Selling stock on margin is regarded as a greater evil than even buying on margin. No one should sell what he does not own, is generally the claim made to justify this contention. How inconsistent this is can also be easily shown. All our millers sell flour long before they know what the harvest is to be. They bank on the correctness of their judgment as to the size of the crop, expecting to buy their wheat cheap enough from the farmers to make a good profit out of the difference. The contractor agrees to build a house for a certain price, relying on his judgment of the market for labor and material to net him a good profit, although in the meanwhile prices may go up above his estimate. Even the laborer sells his labor "short," and theoretically, when he finds he cannot make his living expenses square with his wages, he has lost money.
Where then is the difference between the examples just cited and selling securities ? If a person believes a security is commanding too high a price, he is morally justified in selling it, even if he does not own it, as much as the miller has the right to sell flour he expects to grind from next season's wheat harvest, or the contractor estimates on constructing a building from material he has not yet bought or labor he has not yet hired.

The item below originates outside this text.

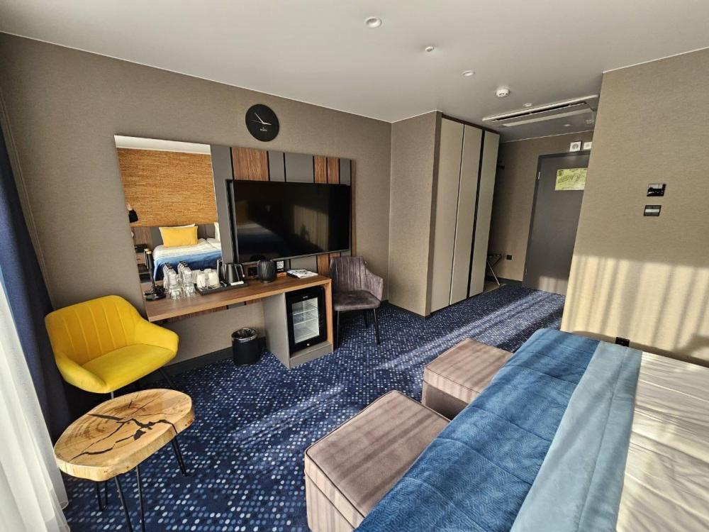 Номер выполнен в современном Лофт-стиле и оснащен всем необходимым для комфортного пребывания: мини-бар, сейф, теплый пол, сушилка для ботинок, базовые комплекты гигиенических средств и пр. В номере присутствует регулировка температуры с помощью системы "умный дом". Голосовое управление номеров - колонка. Ремонт в 2024 году.

Nor can the lay mind fully realize what a great bulwark the selling of securities which are not owned at the time they are sold is in times of stress when everyone seems to be anxious to unload securities. In such times these "short" sales are the only mainstay of the market. What has been sold and is not owned, must be bought back sooner or later by the sellers so that they may turn their profits into cash. Were it not for these "short" sales buttressing the market, prices would not only decline perpendicularly but fall all to pieces, and the widespread fear aroused would have a most disastrous result.
1. How are deliveries made for purchases on the exchange?
2. What is the purpose of the exchange clearing house?
3. What is meant by market orders?
4. Explain the process of trading on margin.
5. What is a stop-loss order?
6. Explain the method of quoting prices on the stock exchange.
7. Explain the trading units used on the exchange.
8. What are the chief objections to trading on margin, and how are they answered?